WHAT THE EXERCISE ASKS:
Leave out the images and set down the records below exactly.
• • •
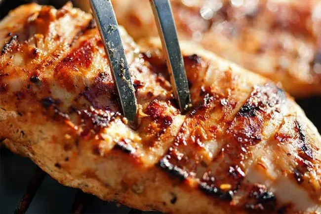 La poitrine de poulet sans peau est faible en graisse. Vous pouvez utiliser un frottement d'épices ou une simple marinade et le jeter sur le gril. Il est riche en protéines faibles en matières grasses et faibles en calories, en particulier par rapport aux hamburgers ou aux saucisses qui pourraient partager de l'espace sur votre grill.
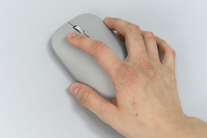 マウスの表面はサラッとした仕上がりで、強めにクリックしてもがたつかない。本体サイズは64.16(幅)×115.16(奥行)×33.76(高さ)mmで、小さすぎず、大きすぎずといったところ。重量も90.9gと軽すぎず、重すぎず。クリック音は静かで、軽いタッチでクリックできる。ただ、金属製のスクロールホイールがやや重く、頻繁にスクロール操作をするような作業には向かないかもしれない。こちらも電源は単4形電池2本を使用し、電池寿命は最長1年。
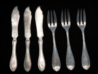 Three fish forks and three fish knives. Silver colour with monogram on handle. "R B T A " arranged on a sectioned square.
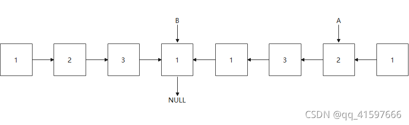 思路2:申明两个快慢指针(A和B)指向头节点,然后A指针一次走两步,B指针一次走一步,当A指针的Next.Next(下一步的下一步,此处应判断下一步是否为NULL)为NULL时,B指针刚好到中点,然后将B指针以后的元素压入栈中,再一次进行遍历链表,使遍历到的链表元素与栈中弹出的元素进行比较,如果链表中的元素与栈中弹出的元素相等则是回文结构。空间复杂度O(N/2)
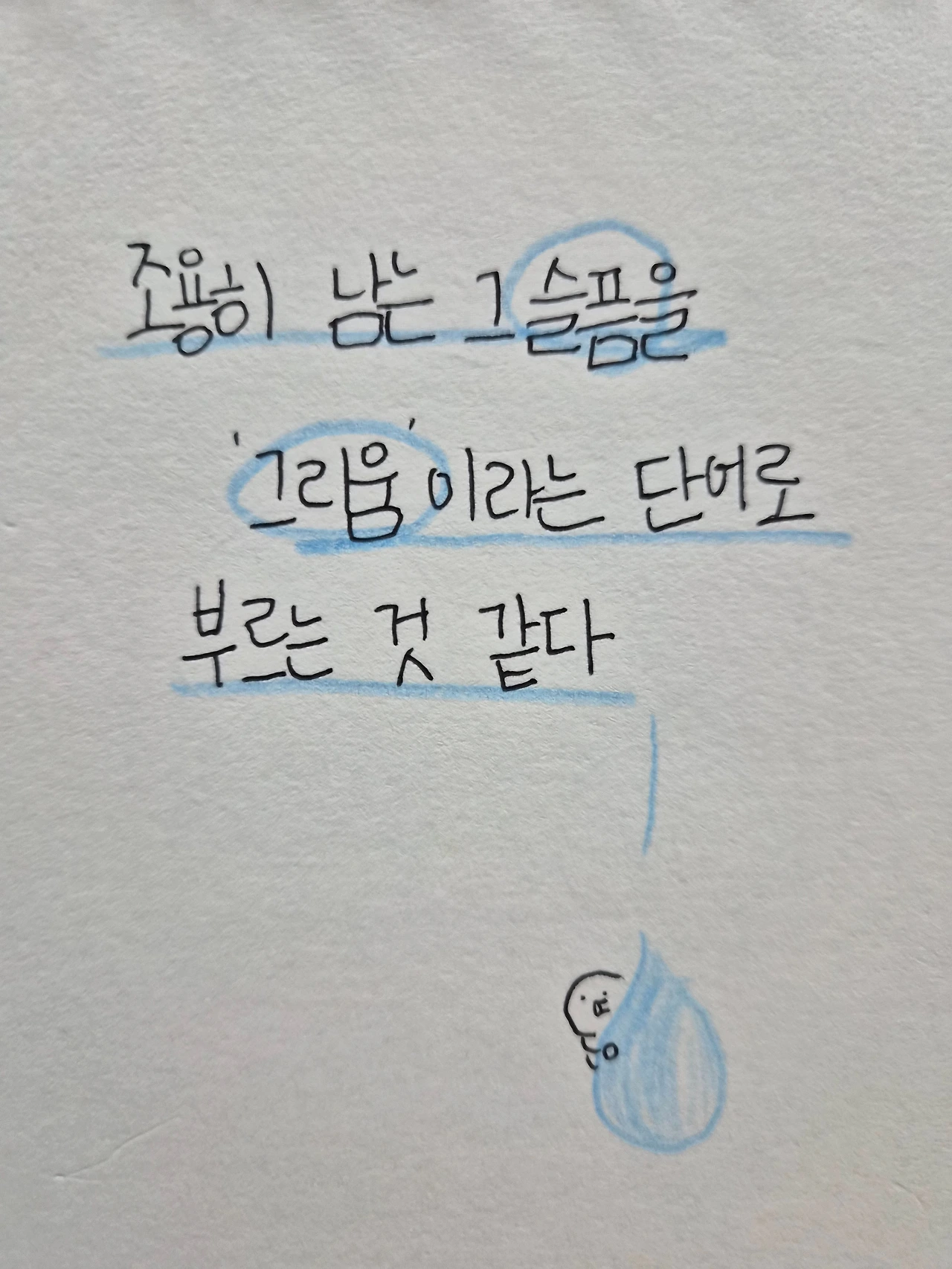조용히 남는 슬픔을 '그리움'이라는 단어로 부르는 것 같다고 생각이 들었어요.
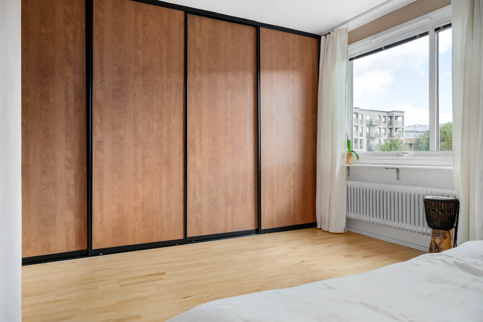 Lägenhetens stora sovrum med inbyggda garderober. Ljus ekparkett och ljusa väggar, fönster som vetter ut mot öst med fönsterbräde i marmorerad sten.
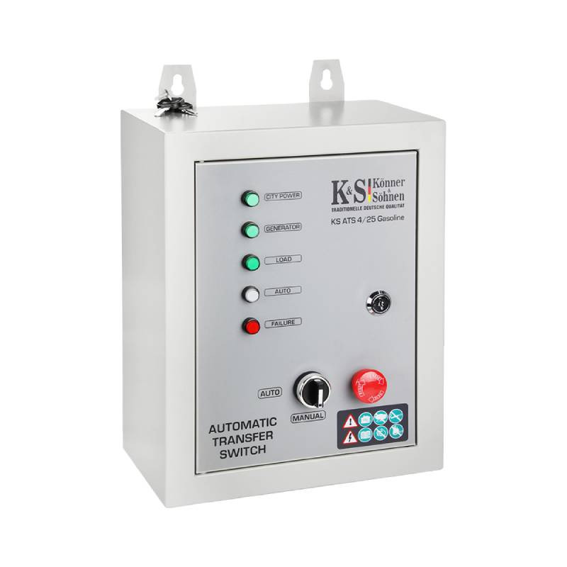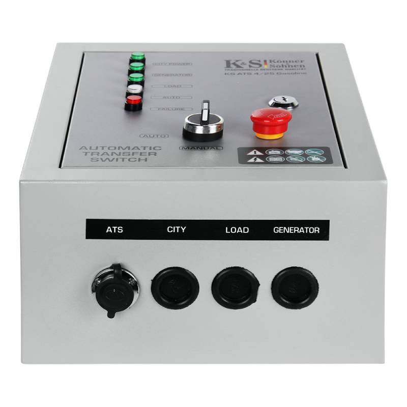 KS ATS 4/25HD ATS iekārta ir saderīga ar visiem Könner & Söhnen benzīna invertera tipa ģeneratoriem ar modeļos redzamo saīsinājumu “ATSR”.
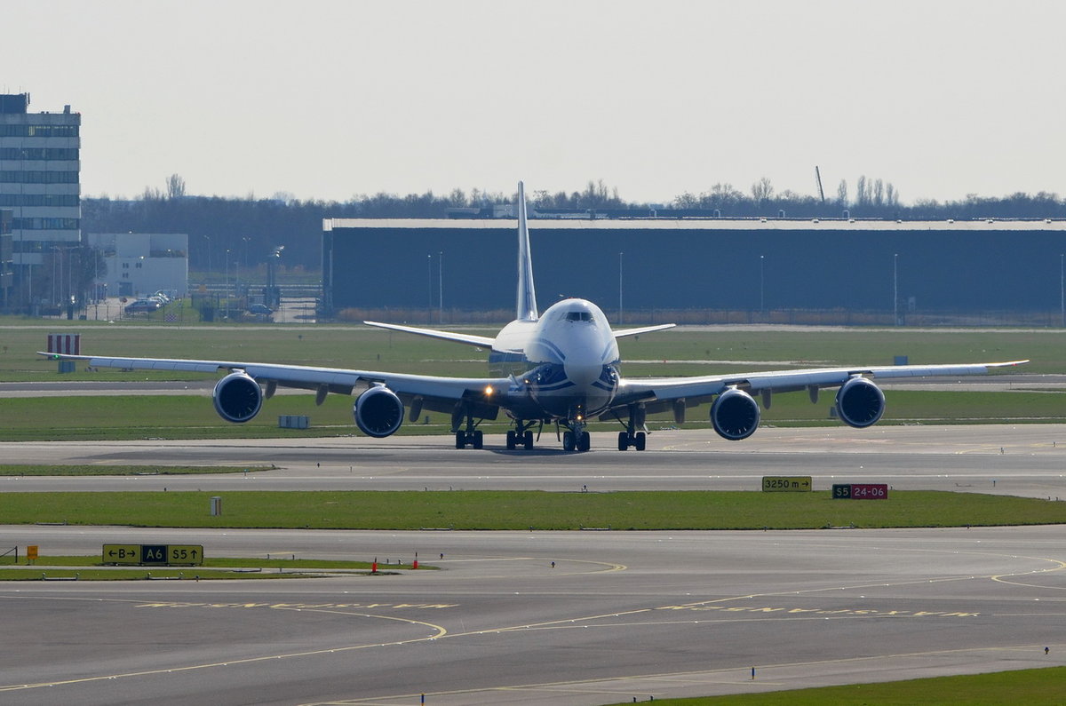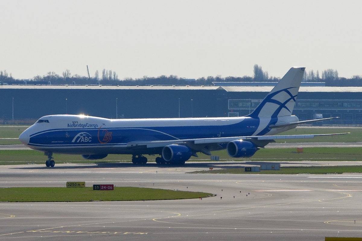 Air Bridge Cargo Boeing 747-83QF VQ-BFE bei der Landung in Amsterdam 12.10.2019
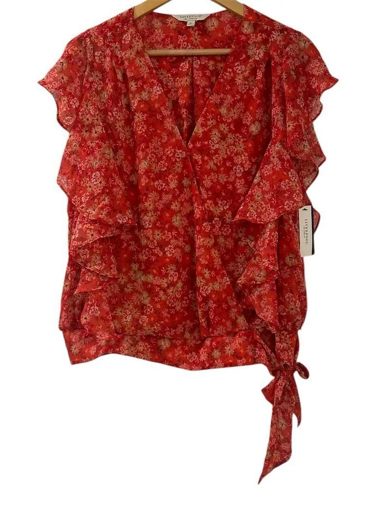In brand new with tags condition. There are no issues or flaws. Top of shoulder to bottom hem measurement is approximately 22 inches. Armpit to armpit measurement is approximately 20 inches. Discover the effortless charm of the Liverpool Los Angeles Women's Blouse in a vibrant berry blossom floral. This chiffon blouse, in a size small, is your go-to for both casual outings and special occasions. The V-neck design and ruffle sleeves add a touch of elegance, while the waist tie ensures a flattering fit. Perfect for pairing with your favorite jeans or a sleek skirt, this blouse offers versatility and style. With an original MSRP of $79, it's a chic addition to any wardrobe. New with tags (NWT). Keywords: Liverpool Los Angeles, women's blouse, berry blossom, chiffon, V-neck, ruffle sleeve, floral pattern, waist tie, size small, casual wear, elegant blouse, versatile top, new with tags. Brand: Liverpool Los Angeles Size: S Color: Red Type: Blouse Department: Women Style: Basic Material: Chiffon Neckline: V-Neck Sleeve length: Short Sleeve Sleeve type: Ruffle Sleeve Pattern: Floral Features: Waist Tie, Ruffled details Country/region of manufacture: Vietnam Item#6719
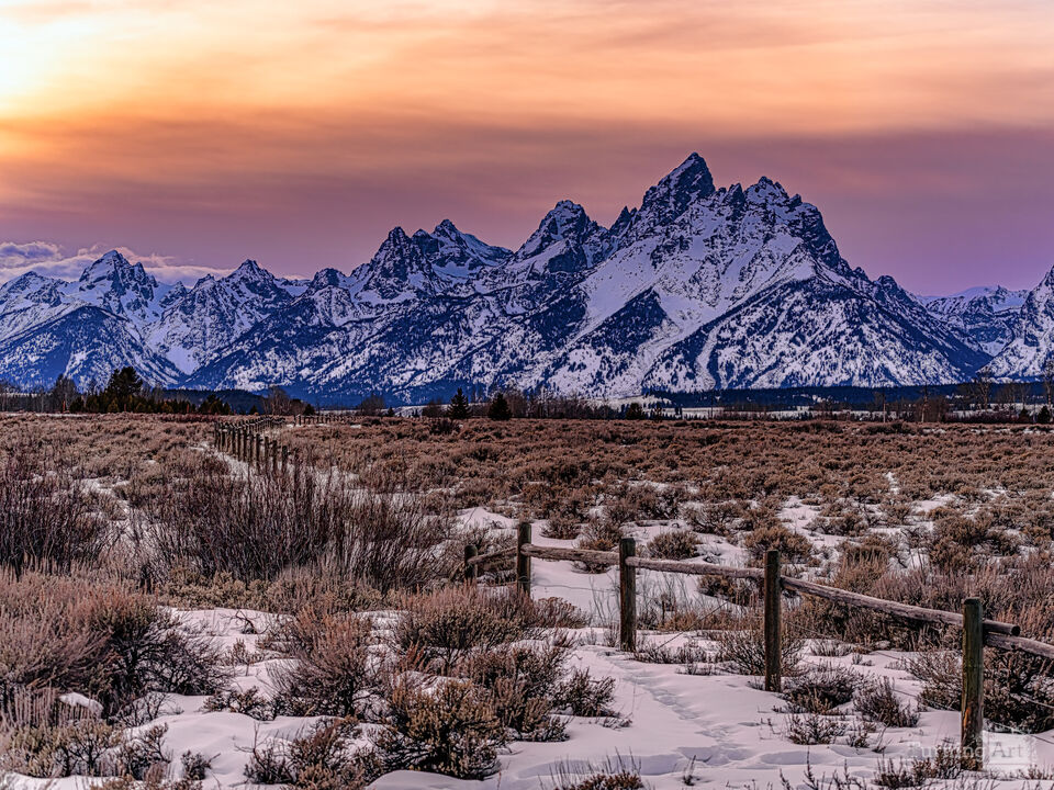 Few mountain ranges command the horizon quite like the Tetons — and on this late January evening, they delivered something truly extraordinary. Standing alone on the frozen sagebrush flats of Grand Teton National Park, temperatures well below freezing, I waited in silence for the sky to respond. At the last possible moment, it did. As the cloud cover broke near the horizon, a warm peach and amber glow ignited the sky behind these cathedral peaks. The weathered ranch fence traces a quiet path through the snow-covered flats, guiding you towards these majestic peaks that rise abruptly nearly 7,000 feet straight from the valley floor. Against this stunning sky the snow-draped Tetons looked wilder and more rugged than ever— their jagged silhouettes glowing against the fading dusk.
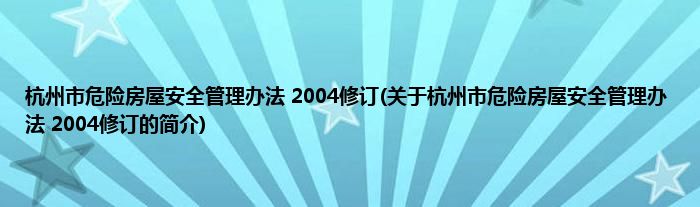本文关于杭州市危险房屋安全管理办法 2004修订的简介就讲解完毕,希望对大家有所帮助。
• • •
FINISHED TASK:
 La poitrine de poulet sans peau est faible en graisse. Vous pouvez utiliser un frottement d'épices ou une simple marinade et le jeter sur le gril. Il est riche en protéines faibles en matières grasses et faibles en calories, en particulier par rapport aux hamburgers ou aux saucisses qui pourraient partager de l'espace sur votre grill.
 マウスの表面はサラッとした仕上がりで、強めにクリックしてもがたつかない。本体サイズは64.16(幅)×115.16(奥行)×33.76(高さ)mmで、小さすぎず、大きすぎずといったところ。重量も90.9gと軽すぎず、重すぎず。クリック音は静かで、軽いタッチでクリックできる。ただ、金属製のスクロールホイールがやや重く、頻繁にスクロール操作をするような作業には向かないかもしれない。こちらも電源は単4形電池2本を使用し、電池寿命は最長1年。
 Three fish forks and three fish knives. Silver colour with monogram on handle. "R B T A " arranged on a sectioned square.
 思路2:申明两个快慢指针(A和B)指向头节点,然后A指针一次走两步,B指针一次走一步,当A指针的Next.Next(下一步的下一步,此处应判断下一步是否为NULL)为NULL时,B指针刚好到中点,然后将B指针以后的元素压入栈中,再一次进行遍历链表,使遍历到的链表元素与栈中弹出的元素进行比较,如果链表中的元素与栈中弹出的元素相等则是回文结构。空间复杂度O(N/2)
조용히 남는 슬픔을 '그리움'이라는 단어로 부르는 것 같다고 생각이 들었어요.
 Lägenhetens stora sovrum med inbyggda garderober. Ljus ekparkett och ljusa väggar, fönster som vetter ut mot öst med fönsterbräde i marmorerad sten.
 KS ATS 4/25HD ATS iekārta ir saderīga ar visiem Könner & Söhnen benzīna invertera tipa ģeneratoriem ar modeļos redzamo saīsinājumu “ATSR”.
 Air Bridge Cargo Boeing 747-83QF VQ-BFE bei der Landung in Amsterdam 12.10.2019
In brand new with tags condition. There are no issues or flaws. Top of shoulder to bottom hem measurement is approximately 22 inches. Armpit to armpit measurement is approximately 20 inches. Discover the effortless charm of the Liverpool Los Angeles Women's Blouse in a vibrant berry blossom floral. This chiffon blouse, in a size small, is your go-to for both casual outings and special occasions. The V-neck design and ruffle sleeves add a touch of elegance, while the waist tie ensures a flattering fit. Perfect for pairing with your favorite jeans or a sleek skirt, this blouse offers versatility and style. With an original MSRP of $79, it's a chic addition to any wardrobe. New with tags (NWT). Keywords: Liverpool Los Angeles, women's blouse, berry blossom, chiffon, V-neck, ruffle sleeve, floral pattern, waist tie, size small, casual wear, elegant blouse, versatile top, new with tags. Brand: Liverpool Los Angeles Size: S Color: Red Type: Blouse Department: Women Style: Basic Material: Chiffon Neckline: V-Neck Sleeve length: Short Sleeve Sleeve type: Ruffle Sleeve Pattern: Floral Features: Waist Tie, Ruffled details Country/region of manufacture: Vietnam Item#6719
 Few mountain ranges command the horizon quite like the Tetons — and on this late January evening, they delivered something truly extraordinary. Standing alone on the frozen sagebrush flats of Grand Teton National Park, temperatures well below freezing, I waited in silence for the sky to respond. At the last possible moment, it did. As the cloud cover broke near the horizon, a warm peach and amber glow ignited the sky behind these cathedral peaks. The weathered ranch fence traces a quiet path through the snow-covered flats, guiding you towards these majestic peaks that rise abruptly nearly 7,000 feet straight from the valley floor. Against this stunning sky the snow-draped Tetons looked wilder and more rugged than ever— their jagged silhouettes glowing against the fading dusk.
本文关于杭州市危险房屋安全管理办法 2004修订的简介就讲解完毕,希望对大家有所帮助。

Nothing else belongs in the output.